Example: Algorithm Growth
Input n | Alg1 (5n) | Alg2 (3ⁿ) | Alg3 (4n²) | Alg4 (n!)
1 | 5 | 3 | 4 | 1
2 | 10 | 9 | 16 | 2
3 | 15 | 27 | 36 | 6
4 | 20 | 81 | 64 | 24
5 | 25 | 243 | 100 | 120
Heuristic Approaches
A heuristic is a smart shortcut that finds a good-enough solution efficiently — not always optimal, but practical when exact methods are too slow.
Traveling Salesperson Problem (TSP)
- Visit all cities once, return to start → minimize distance.
- Routes grow factorially:
- 4 cities → 6 routes
- 10 cities → 362,880 routes
- 20 cities → ~10¹⁷ routes
- Heuristics help when exact solutions are impossible for large n (e.g., Nearest Neighbor).

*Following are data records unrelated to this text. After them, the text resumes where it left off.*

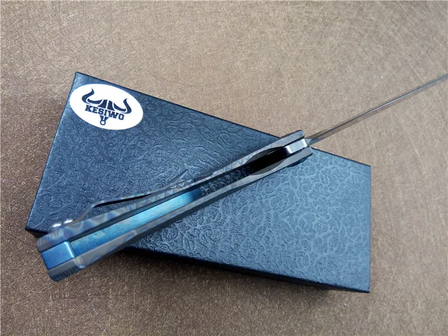 Kesiwo ks010 접는 edc 칼 titanium 핸들 59hrc d2 블레이드 캠핑 야외 생존 전술 포켓 나이프 볼 베어링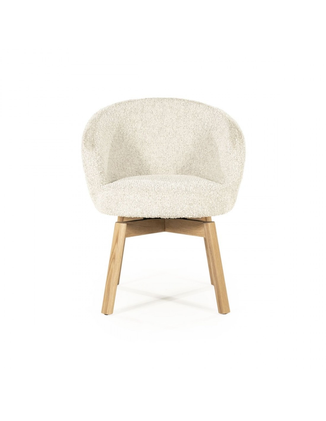 LIVIA Spisebordsstol med armlæn og drejefod, udført i et moderne design af egetræ og beige bouclé polyester. Stolen måler 80 cm over ryggen og med en siddehøjde på 50 cm.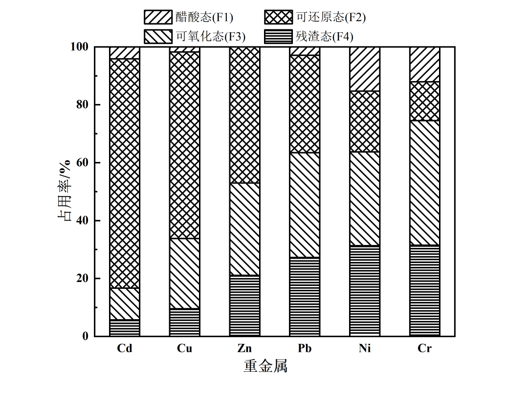 重金屬的生物有效性及潛在遷移性不僅與其總量有關(guān),還與其在飛灰中的賦存形態(tài)密切相關(guān),按照BCR分級提取法對焚燒飛灰中不同形態(tài)重金屬進(jìn)行提取測定。BCR四步連續(xù)提取法將重金屬分為F1態(tài),主要含有水溶態(tài)、可交換態(tài)和碳酸鹽結(jié)合態(tài),在中性或弱酸性條件下易浸出;F2態(tài)主要是鐵錳氧化物結(jié)合態(tài),高活性的鐵錳氧化物比表面積大,對金屬離子有較大吸附容量,在還原條件下較易釋放;F3態(tài)包括有機(jī)物與硫化物結(jié)合態(tài),這一過程提取出來的重金屬,是被有機(jī)物或硫化物絡(luò)合的部分,在強(qiáng)氧化條件下可分解;F4態(tài)中元素主要與硅酸鹽礦物組合,在自然條件下性能穩(wěn)定,環(huán)境生態(tài)風(fēng)險較小。本研究飛灰中重金屬的不同賦存形態(tài)所占百分比如圖1所示。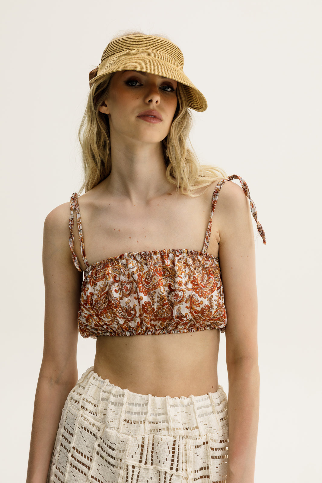 Sun-kissed and bohemian. This paisley crop top in warm terracotta and ivory tones brings a nostalgic charm to your summer look. The airy fabric, gathered details, and tie straps create a carefree silhouette — perfect for seaside escapes or sunset strolls.

Example: High School Scheduling
Best use of a heuristic: creating the master schedule (complex & constrained).
Not heuristic-needed for: searching prices, calculating GPA, generating passwords.
Quick Check
In which situation is a heuristic most useful?
- A. Searching a list of prices for the smallest value
- ✅ B. Creating the master schedule for a high school
- C. Calculating GPA for all students
- D. Generating passwords
Quick Glossary
- Problem — a general task an algorithm aims to solve.
- Instance — a specific case of a problem.
- Decision Problem — Yes/No answer.
- Optimization Problem — best solution.
- Efficiency / Big-O — how cost grows with input size.
- Heuristic — shortcut method, not guaranteed optimal.
- TSP — classic optimization problem (visit all cities, shortest route).